The primary goal of PCA is to reduce the dimensionality of a dataset while retaining as much information as possible. This is achieved by transforming the original features into a new set of orthogonal features, called principal components (PCs), which are linear combinations of the original variables. The PCs are ranked in order of their variance, with the first principal component accounting for the most variance in the data, followed by the second, and so on. By retaining only a subset of PCs, one can effectively reduce the dimensionality of the dataset and simplify analysis without losing significant information.

Principal Components
Python Machine Learning (2nd Ed.) Code Repository

Mathematics of PCA

In this chapter, I delve into the mathematical foundations of PCA. To understand the underlying concepts and techniques, a basic knowledge of linear algebra and statistics is essential.

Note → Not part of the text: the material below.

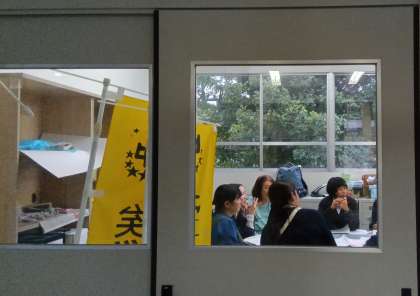 北中ひろばの方と生徒会役員の皆さんが打ち合わせをしています。

Linear Algebra and Eigenvalues

PCA relies on linear algebra concepts, specifically eigenvalues and eigenvectors. Given a square matrix $A$ , an eigenvector $v$ is a non-zero vector that satisfies the following equation:

Av = \lambda v

where $\lambda$ is the eigenvalue associated with the eigenvector $v$ . In the context of PCA, eigenvalues and eigenvectors play a crucial role in transforming the original dataset into a new set of uncorrelated variables (principal components).

Covariance Matrix

The covariance matrix is a key element in PCA, as it captures the relationships between the original variables in the dataset. For a dataset $X$ with $n$ samples and $p$ features, the covariance matrix $C$ is a $p$ x $p$ symmetric matrix, with each element $c_ij$ representing the covariance between feature $i$ and feature $j$ :

C_{ij} = \frac{1}{n-1} \sum_{k=1}^{n}(x_{ki} - \bar{x}i)(x{kj} - \bar{x}_j)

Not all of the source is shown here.